The workflow of the mRNA target detection is outlined in Figure S5A. In-situ hybridization of multiplexed Z-shaped probes was done on sagittal sections of either WT, UT, or Juv brains. Each probe contains an 18-25bp sequence complementary to the target mRNA, followed by a spacer sequence and a tail sequence complementary to the pre-amplifier. After probe binding, pre-amplifiers are added with sequences against their Z-probe tail sequence. To note, two Z-probes are required to be bound, in tandem, on the target mRNA to allow for recognition of pre-amplifier binding. Next, a series of additional amplifiers, each specific to their preceding amplifier strand sequence, is added, followed by sequence-specific fluorophores, which are also designed to bind to their preceding amplifier. This results in fluorescence detection of mRNA targets of interest, each hybridized to a pre-conjugated fluorophore, either FITC, Texas Red, or Cy5. Probes and probe reagents used for this experiment are listed in Table S1. Next, tissues were mounted using Prolong Gold Antifade Mountant with DAPI (Invitrogen P36931). Next, the whole brain sections were scanned at 20X magnification on a TissueFAXSiQ confocal slide scanner (TissueGnostics, Vienna, Austria) at the UMass Chan SCOPE Facility (RRID: SCR_022721). For multi-fluorescence detection of subsequent mRNA targets, the hybridized RNAscope© Hiplex fluorophores were irreversibly cleaved, and the next set of fluorophores was added to the tissue following the manufacturer’s protocol (ACDBio, Newark, CA).

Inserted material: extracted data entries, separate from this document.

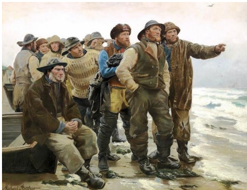
圖 14 邁可·安切爾，〈他會繞過去嗎？〉，1879，油彩、畫布，93×109.7 cm，斯卡恩博物館。

邁可於 1874 年初次抵達斯卡恩，因與本地人安娜結婚而於 1880 年定居，斯卡恩的風景以及漁民在惡劣的自然環境中勞動的題材，展現著他的個人特色。1879 年〈他會繞過去嗎？〉【圖 14】，站在岸上的漁民注視著畫面之外，若與標題結合來解讀，似乎是定睛關心著遠方移動的船隻能否順利繞過岸邊不會擱淺。邁可在這張圖畫中捕捉了漁民反應的瞬間，每個人的臉部特徵亦被清楚描繪。1881 年〈漁民發動划艇〉【圖 15】，一群漁民將船推入波濤洶湧的大海，圍觀的家人或朋友站在海灘上。邁可並未直接畫出海洋驚濤駭浪的景色，但是透過漁民嚴肅的眼神、推動船隻時竭盡全力的肢體動作，以及圍觀人群忍不住抓著衣領的緊張模樣，將遠方的危險與嚴寒氣溫表現在畫作中。
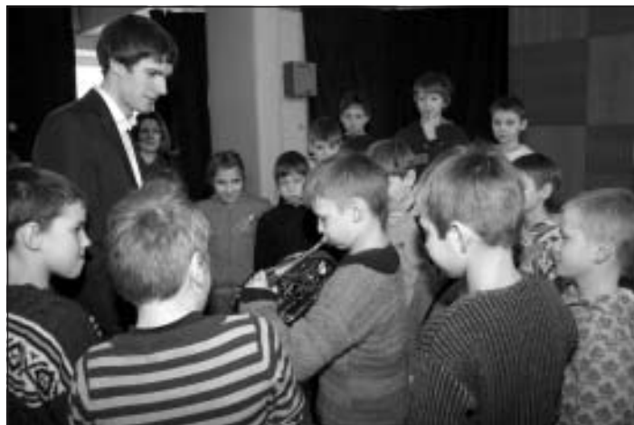
Pamēģināt spēlēt flautu un mežragu noteikti ir kas īpašs!
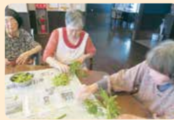
枝豆美味しかったあ
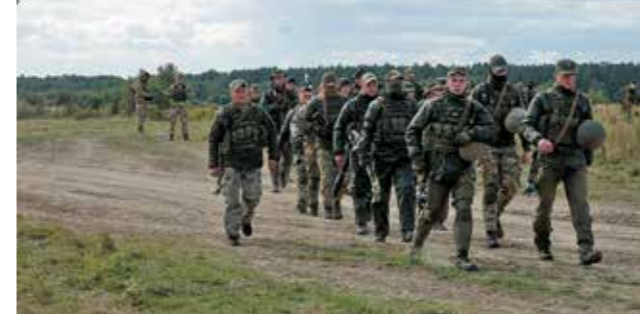
Οι εκπαιδευόμενοι στη Medical STX ήταν έφεδροι της 10ης Ουκρανικής Ορεινής Ταξιαρχίας Κρούσης.

Μια από τις επιδείξεις εκπαίδευσης στο Υ-CTC που παρακολούθησαμε αφορούσε παροχή πρώτων βοηθειών πεδίου μάχης (Medical STX) για την αντιμετώπιση καταστάσεων, όπως έληψη εξειδικευμένου προσωπικού στην πρώτη γραμμή ή τον μεγάλο χρόνο διακομιδής του τραυματία στα μετόπισθεν. Τα αντικείμενα, στα οποία οι εκπαιδευτές ήταν Βούλγαροι, στελέχη του IPSC, και οι εκπαιδευόμενοι έφεδροι της 10 ης Ορεινής Ταξιαρχίας Κρούσης του Ουκρανικού Στρατού, αφορούσαν την περιθαψή τραυματία κάτω από εχθρικά πυρά και περιθαψή εκτός των δραστηκών εχθρικών πυρών.
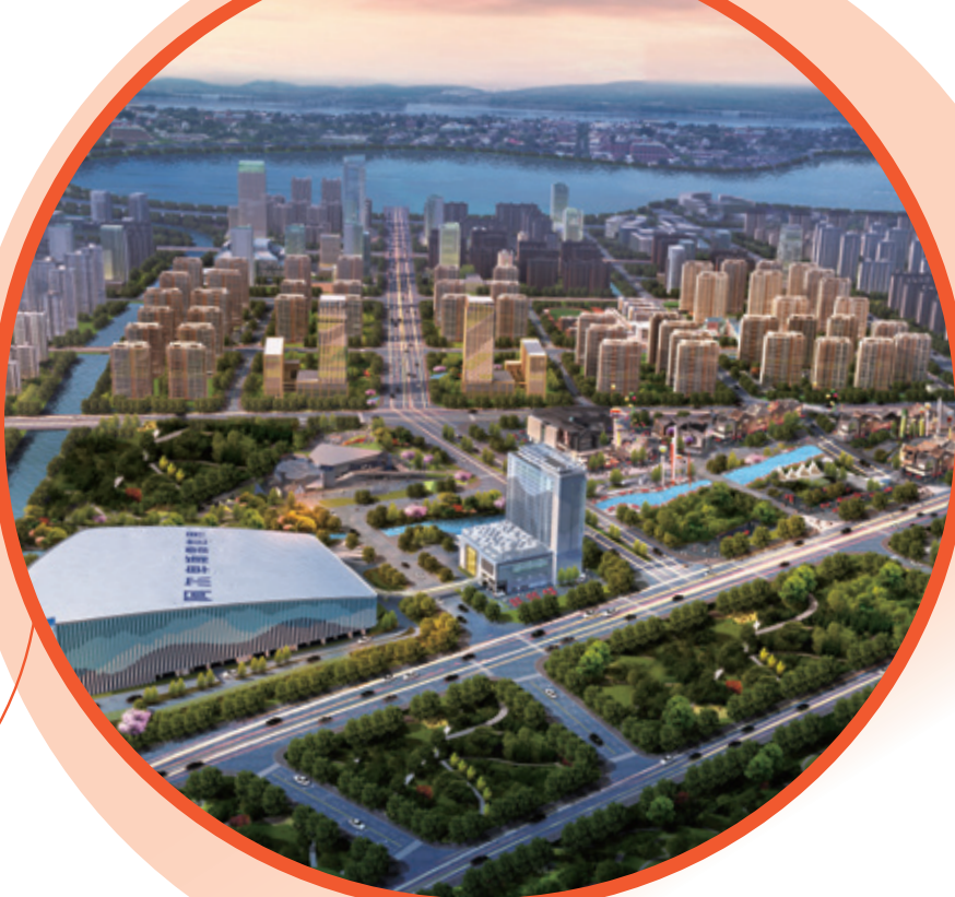
● 太倉阿爾卑斯 國際度假區 • 中國
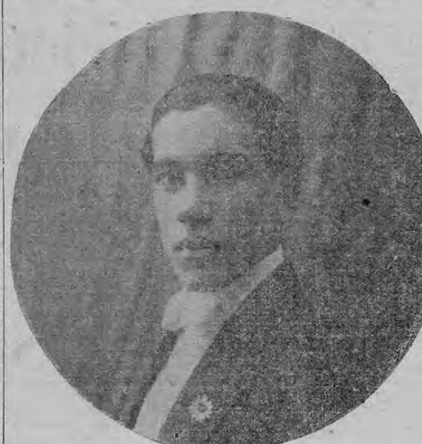
RAFAEL CARDONA J. HOMENAJE AL POETA (Reconstrucción de un "impronta" leido en el acto de la inhumación de los restos del poeta.)
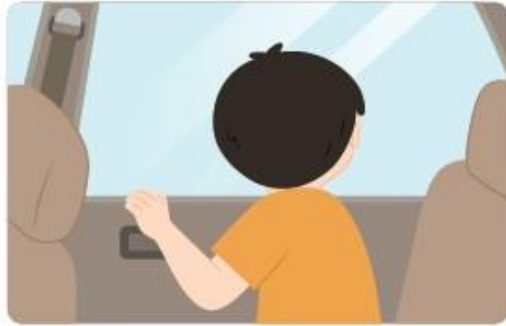
附件 1-23 安全開車門 說明圖
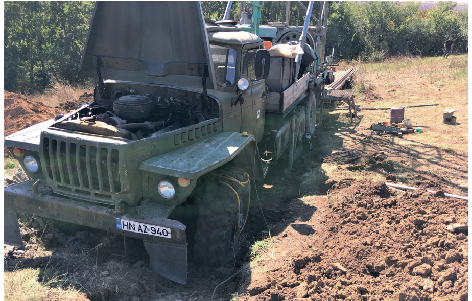
■ Das „Bohrgerät in COBILEA. Ich bin immer wieder erstaunt, dass diese Technik funktioniert.

Spatial quantification of single-cell RNAs

Slide-scanned images of whole-brain sagittal sections (n=3 per experimental group per timepoint) were imported into a spatial image analysis software (StrataQuest, TissueGnostics, Vienna, Austria). Scans from subsequent imaging rounds were cross-correlated through DAPI⁺ cell registration, and regions of interest: cortex, corpus callosum, hippocampus, striatum, thalamus, midbrain, cerebellum, and brainstem, were manually defined using an ROI generator. For analysis of single cells positive for fluorescent mRNA targets, nuclei masks of DAPI-stained tissues were identified using software detection. Next, a cellular mask (white outline) was generated around each nucleus to demark the perimeter of each cell body (Figure S5B). Then, to avoid false positive counts from tissue autofluorescence, detection parameters for maximum fluorescence intensity (x-axis) and total fluorescence intensity units (y-axis) were set for each channel/mRNA target, and the same settings per channel were applied to all experimental groups. Cells were then gated for the highest fluorescence intensity of mRNA puncta (Figure S5C). Finally, cell counts for all cells (white and green outlines), total mRNA+ cells (green outline only) (Figure S5D), and total DAPI⁺ cells were exported for quantification.

Software and statistics

Graphs were generated, and statistical calculations were performed using Prism 8 (GraphPad Software, Inc.). As stated in the legends, a 1-way or a 2-way ANOVA with multiple comparison corrections was used. P value < 0.05 was considered significant with confidence interval of 0.95, i.e. 95%. For the single-cell mRNA analysis, an alpha of 0.01 and confidence interval (CI) of 0.99, i.e. 99% was used. If not otherwise stated, a minimum of n = 3 mice per group was analyzed in each experiment.

Significance statement.

Homeostatic balance between oligodendrocytes and neurons is fundamental in maintaining neuronal conductivity and communication throughout the CNS. Functional impairments in either of these cell-types can result in neurodegenerative diseases, several of which have been linked to N-acetylaspartate metabolism between neurons and oligodendrocytes. This study demonstrates that disrupted N-acetylaspartate metabolism leads to progressive dysmyelination due to a deficiency of oligodendrocyte precursor turnover into mature myelinating cells. This in-turn augments neurodegeneration, in which a shortage of differentiated oligodendrocytes contributes to affected neuronal health. Normalizing N-acetylaspartate metabolism achieves therapeutic recovery of the oligodendrocyte lineage and promotes neuronal recovery in a time-dependent manner, ultimately leading to corrected CNS pathology.